Too Quiet in the Cockpit

Nothing to say, lots to do

Imagine yourself in the clag. You have the weather well mapped out, thanks to onboard storm-avoidance gear and a good preflight briefing. The air is surprisingly smooth, and there's no ice. The engine plays along, a familiar drone ahead of the windshield. The autopilot is flying the airplane with uncharacteristic smoothness. All is well in the land of IFR flying.

Then you realize that the chatter on center frequency is missing. You wonder briefly, "Is it me, or just a shift change?" Instinctively, you pull the squelch knob or hit the test button. Static, just as you'd expect. You switch to com number two to hear the controller calling your tail number. You respond, but it's clear that the controller can't hear you. A flash of "uh-oh" crosses your mind. You are now in the land of the lost communications.
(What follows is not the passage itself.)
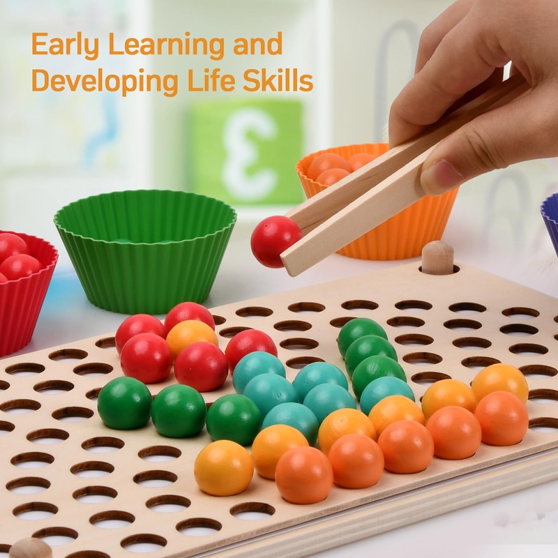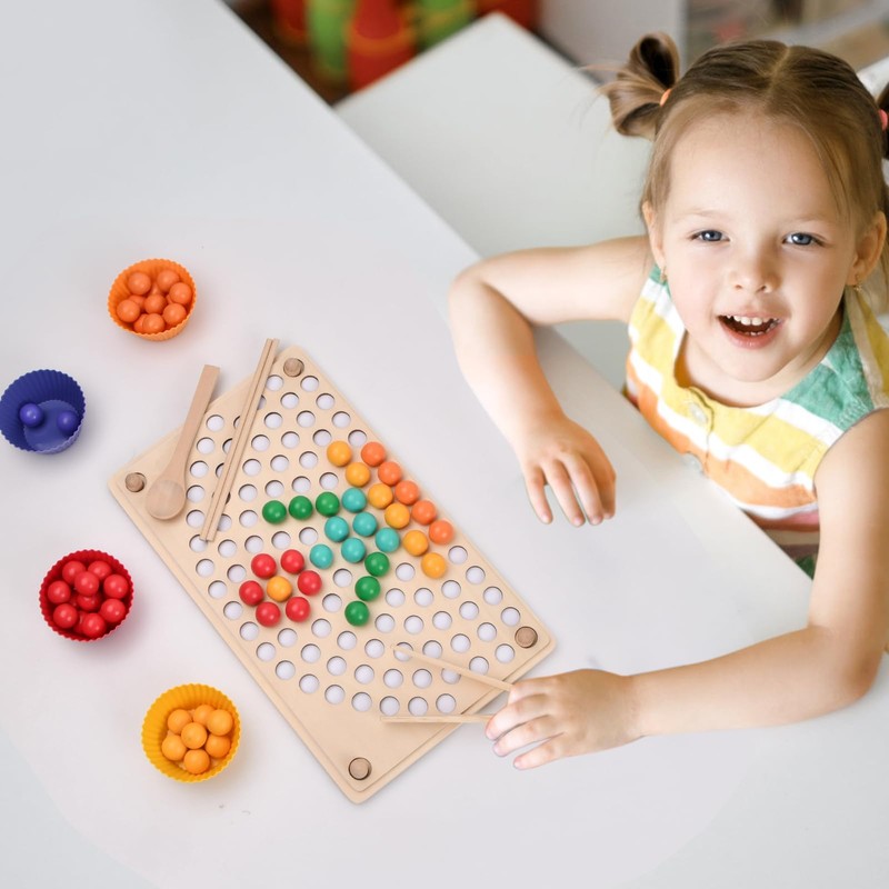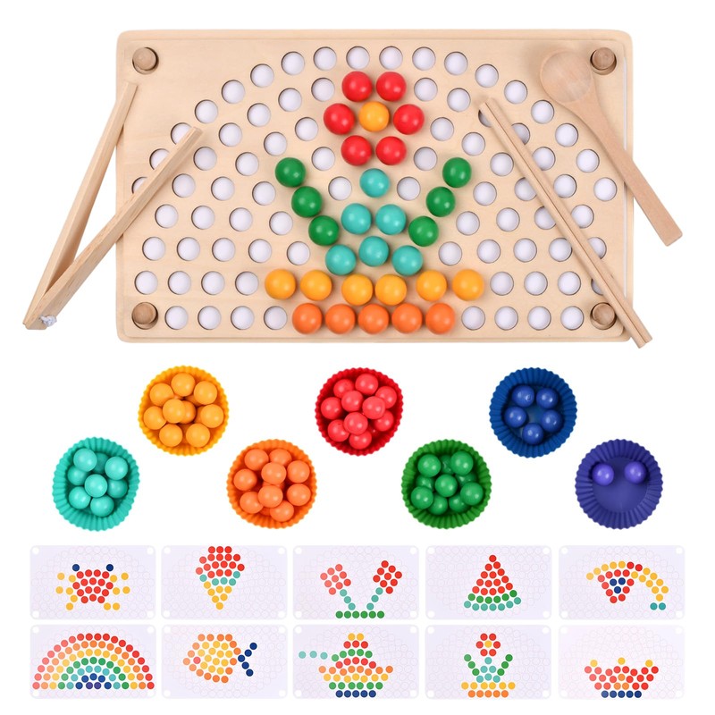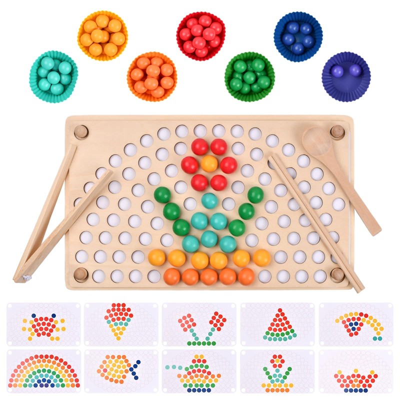 volumoon Rainbow Clip Beads Board Game, Montessori Toy, Clip Beads Puzzle Board Games

Indeed, there are many levels of being incommunicado. Perhaps the most benign is loss of transmitting or receiving capability on the main coms. Further down the terror chain is the loss of basic navigation and transponder equipment, followed by a complete electrical failure that renders all electronic components mute. There are, however, ways to deal with all of these situations.

During instrument training, the concept of lost communications is often given little emphasis. "Read over FAR 91.185 for the test and the oral," you might hear, but it's unlikely that you'll practice lost-com procedures during training. So when it does happen — usually, as the gods of instrument flying demand, when you've got plenty else to do — the procedures recede into distant, inaccessible memory.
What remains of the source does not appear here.